The parts for the new water treatment facility that will enable one of the Brookvale pumps to be turned on again have been constructed across the globe.
Some have arrived, including the UV plant, while others are either clearing customs in their home countries or on flights.
It has been a mammoth task. Normally putting in a two-stage treatment plant of this size would take a year at minimum rather than the five months that this one is being completed in, says Hastings District Council assets manager Craig Thew.
“We have had people working on this right through the Christmas break, planning, checking, ringing freight forwarding companies to get it all here as soon as we possibly can.
“But unfortunately for us that Christmas break has lost us some time, as factories making these products don’t work through. To help catch up we have flown the gear in rather than shipping it which is shaving delivery times from about 14 weeks back to about four weeks.”
The made-to-order UV unit was built in the Netherlands and arrived last week. Filter cartridges had to be ordered from the United States and were being processed by US customs this week, expected to arrive late next week. The filter housings, also made overseas, are expected next week as well. Smaller components including valves, flow meters and telemetry equipment has been purchased from overseas suppliers and are all either here or close. The stainless steel pipes have been designed and are being welded in Hawke’s Bay.
“All of these components have to be made individually by companies experienced in this sort of work. There is no such thing as an off-the-shelf treatment plant at this scale,” said Mr Thew.
The planning and construction are painstaking, as Council has to be sure that all the different parts will fit together on site.
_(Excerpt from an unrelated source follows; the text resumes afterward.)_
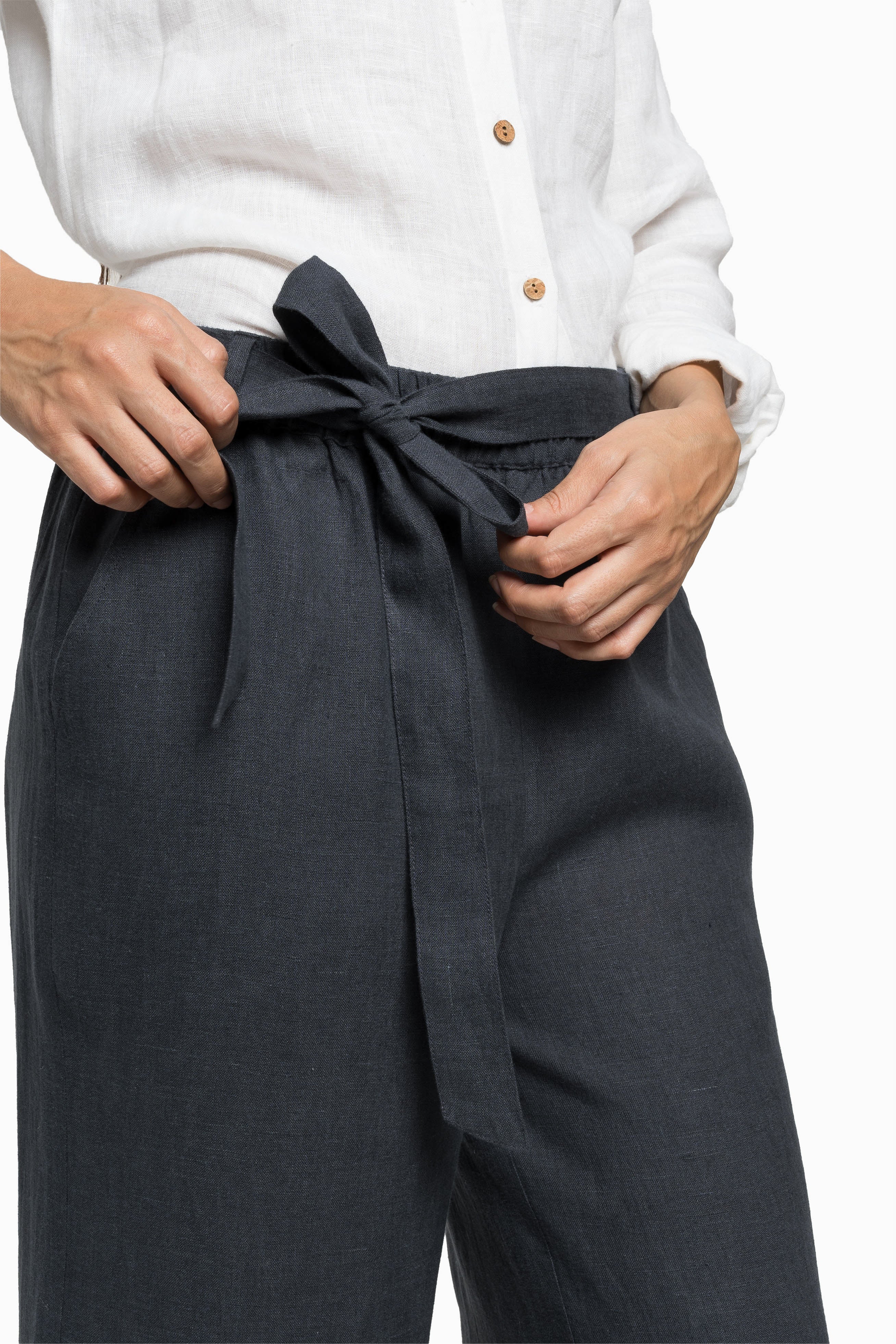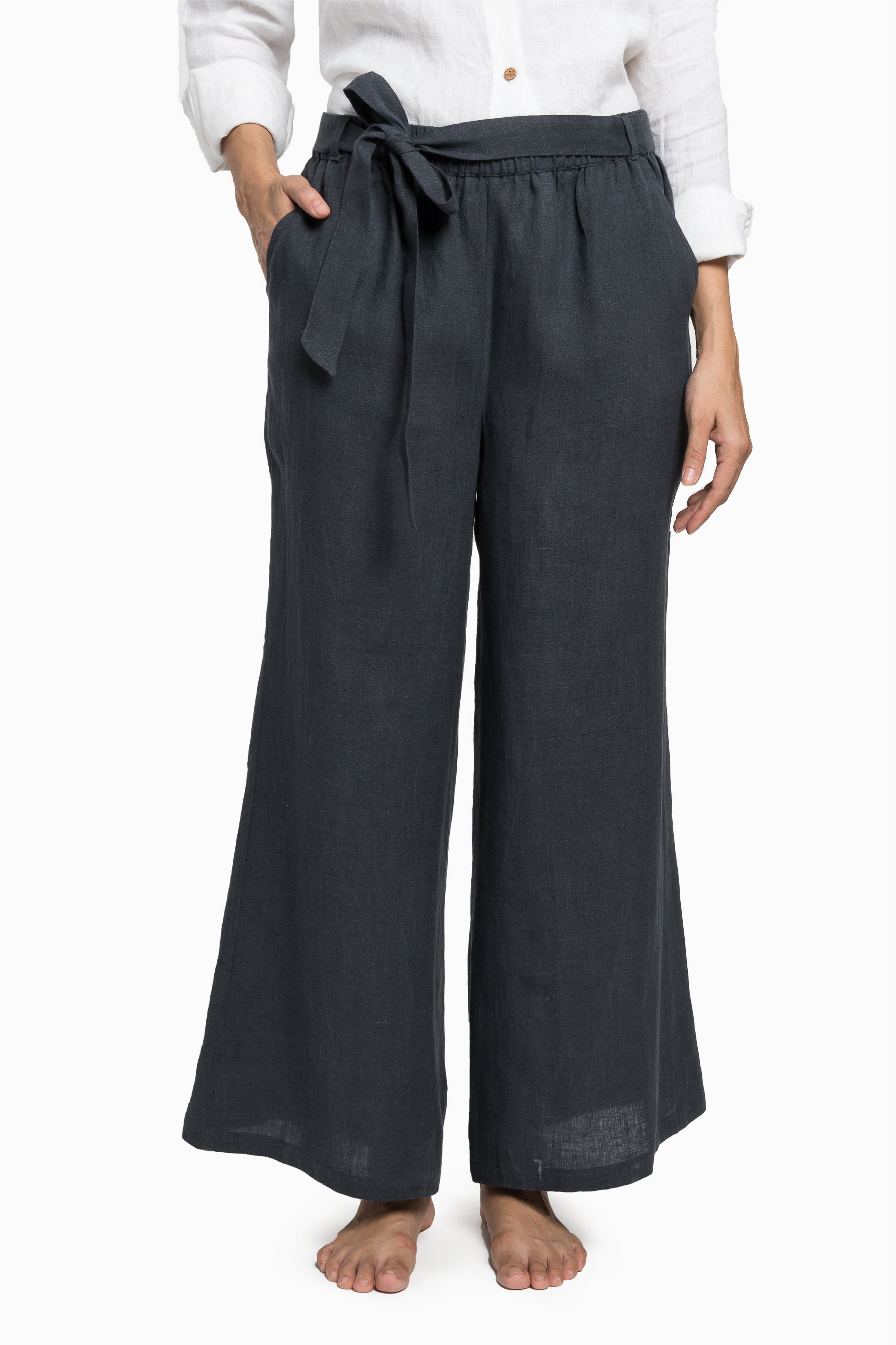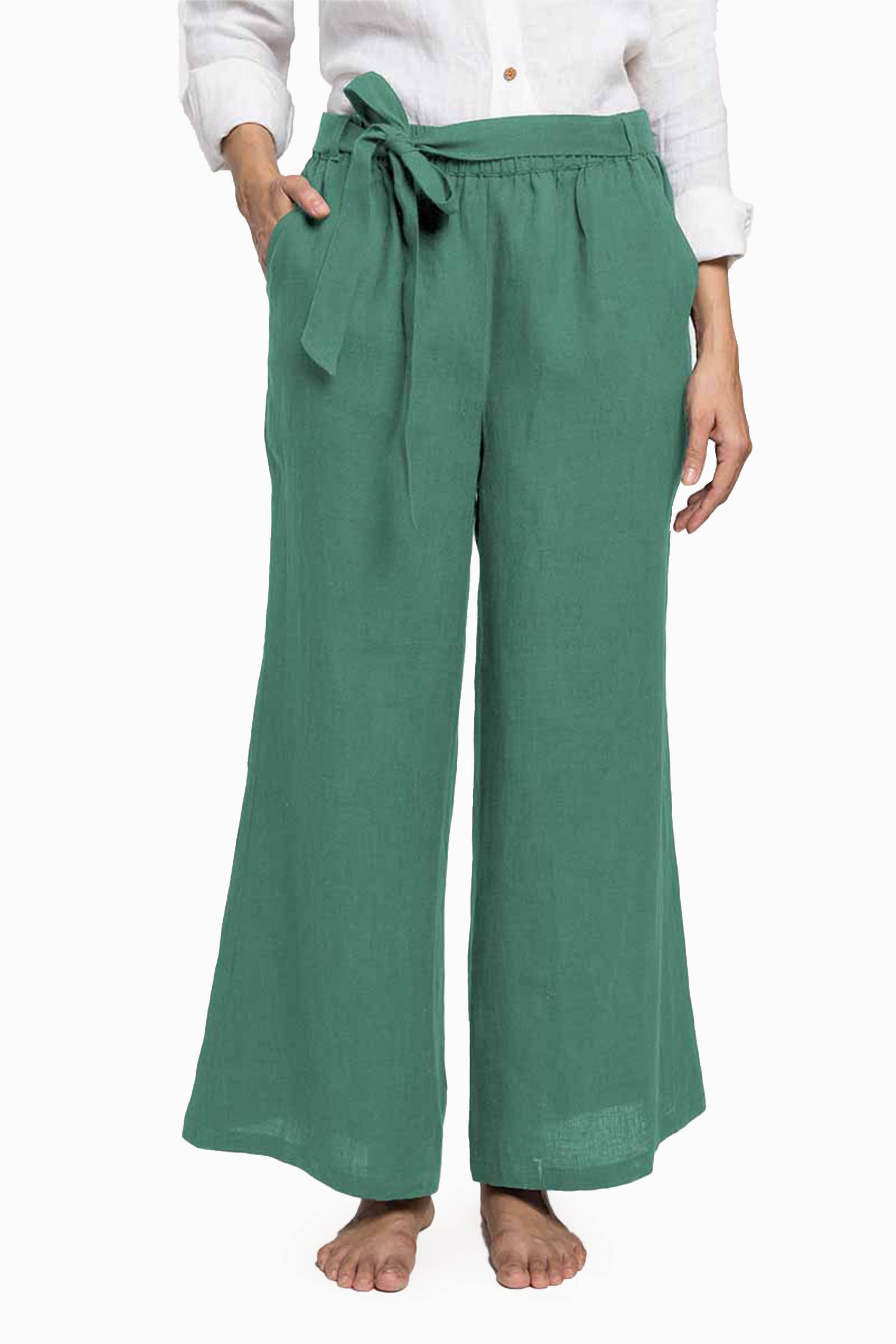 The gorgeous Linen Cecilia Pants are ready to dress you up with style. The ultimate soft texture of European Linen will keep you free from any stress. These relaxed trousers ensure you an experience of flare and cheeriness. A belt on the elasticated waistband adds to its beauty and comfort. The double-sided pockets take you toward more convenience with the gentle touches of linen. Lay your hands on these relaxing pants for that much-awaited day out.

“All treatment plants have different requirements relating to things like site, water pressures and the need to connect to differing systems.”
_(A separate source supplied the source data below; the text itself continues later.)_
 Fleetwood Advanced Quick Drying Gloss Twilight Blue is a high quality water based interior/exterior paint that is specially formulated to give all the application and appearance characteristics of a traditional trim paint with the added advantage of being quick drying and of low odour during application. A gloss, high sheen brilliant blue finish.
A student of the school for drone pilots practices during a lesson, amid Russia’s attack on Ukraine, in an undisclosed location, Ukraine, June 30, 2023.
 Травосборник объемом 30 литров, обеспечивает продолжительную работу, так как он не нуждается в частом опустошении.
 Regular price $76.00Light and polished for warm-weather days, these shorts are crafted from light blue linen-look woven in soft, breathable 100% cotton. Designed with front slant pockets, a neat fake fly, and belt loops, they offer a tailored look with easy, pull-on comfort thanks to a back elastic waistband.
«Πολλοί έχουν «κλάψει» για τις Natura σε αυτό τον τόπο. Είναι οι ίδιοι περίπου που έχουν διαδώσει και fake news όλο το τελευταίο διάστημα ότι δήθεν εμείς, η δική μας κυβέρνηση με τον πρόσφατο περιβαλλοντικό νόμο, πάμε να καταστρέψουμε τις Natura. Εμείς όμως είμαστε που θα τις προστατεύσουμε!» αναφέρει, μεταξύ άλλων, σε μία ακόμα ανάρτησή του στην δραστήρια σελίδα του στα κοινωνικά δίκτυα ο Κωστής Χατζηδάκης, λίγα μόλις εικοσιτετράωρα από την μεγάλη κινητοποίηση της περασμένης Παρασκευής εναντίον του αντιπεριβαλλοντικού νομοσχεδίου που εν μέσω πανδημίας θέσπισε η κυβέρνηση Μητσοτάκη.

In the meantime site works, including floor slabs, pipe work and a shipping container that will house the plant, had been installed.
Council had investigated whether employing more people could speed the process up, however that had not proved possible. “In the end it is the manufacturing of the parts that takes the time and that can’t be sped up,” said Mr Thew.
The news that almost all the parts were nearly here was welcomed by Hastings mayor Lawrence Yule.
“We know that the length of time to get another pump up and running has been a very frustrating process for our residents, but the reality is that this is a treatment plant, not just a well with a filter, and these things have to be made to measure,” he said.
“The drawings show that the physical aspects of the project are complex, and they involve different companies making different elements of the design.”
Realistically, the new plant will not be pumping water into the system until mid-February, he said.
“We wish it could be sooner, but with the best will in the world we can’t make it go faster.”
Originally it had been hoped that the installation of a UV unit alone would mean the bore could be opened before the end of January, however that had not been the case and the second stage filtering system had been added.
Mr Yule said all other options were considered but would have taken longer. “People have asked why we did not put more new bores down but that process can take up to two years for such a large supply. Health requirements mean that the aging of water alone takes at least five months.
“While the physical drilling of the bore can be quick, it is the associated pipework, power supply, consenting and testing that takes a lot of time. Because the large pipework to Havelock North was already in place at Brookvale Rd with things like power, it made sense to use that but with new treatments added.”